Валерий Баранов - Жили-были други прадеды
Мы сели на скамеечку в нашем длинном и узком дворовом скверике, и я рассказал ему всё, что знал — то есть о Кольке, конечно.
— А я только сегодня утром приехал. Ну, пока то да сё, потом хотел позвонить вам, да что-то всё время занято было. Решил прогуляться по городу, всё же год не был, и вот забрел сюда. Как думаешь, идти мне на ваш семейный совет?
— Обязательно. Сам же говоришь — семейный совет.
— А-а… спасибо… хоть ты меня чужим не считаешь.
— Да ты что, Ларионыч! Ты для нас с Колькой — знаешь кто?
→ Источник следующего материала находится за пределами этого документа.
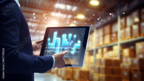 A business professional holding a tablet with a graphical interface, standing in a large warehouse filled with boxes, symbolizing data management and logistics operations.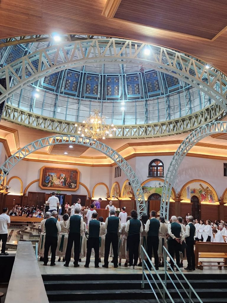 Il 29/11/2025, alle ore 19, il Coro Giuseppe Verdì, diretto da Eduardo Cunha, ha animato la celebrazione della Messa della prima domenica d’Avvento, presieduta dal Rettore, Padre Joel Savio, del Santuario di Nostra Signora del Caravaggio, Comune di Nova Veneza (SC).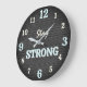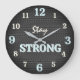 Large numbers in ivory and light turquoise stand out beautifully against the dark background, making the clock easy to read while adding a modern sporty contrast. The motivational phrase Stay Strong appears in matching ivory and turquoise tones, reinforcing the powerful fitness message.

— Ладно, ладно… Не об этом речь. У меня сомнения другого рода. Как бы тебе объяснить?.. В поисках, так сказать, истины, а в данном конкретном случае в поисках оптимального решения, учитываются, в основном, те мнения, которые большинству представляются объективными. Так? А насколько я знаю себя и окружающих, мое мнение, пусть и редко высказываемое, вряд ли когда-нибудь воспринималось как объективное, угодное большинству, — что-то мне трудно припомнить такой случай. Ведь как обычно бывает: брякнешь что-нибудь такое истинное, а на тебя смотрят, как на беглеца из дурдома. Разве не так?
— Нет, не так. Мы с Колькой… ну я-то уж точно, я, например, никогда не подвергал сомнению твои… мысли там, высказывания…
— Ага, не подвергал, значит… Брось, не смущайся. «Подвергать», «свергать»… знаешь, такие словечки лучше звучат с ироническим оттенком. Словом, как говорили раньше кое-где, «сумлеваюсь я», и «сумлеваюсь» вот в чём: не навредить бы мне своим присутствием.
— Да ты что, Ларионыч! Ты что — увильнуть хочешь?
— Ну вот, приехали… Опять устами младенца глаголет истина. Увильнуть, не увильнуть… А имею я право, именно я, вмешиваться в судьбу другого человека?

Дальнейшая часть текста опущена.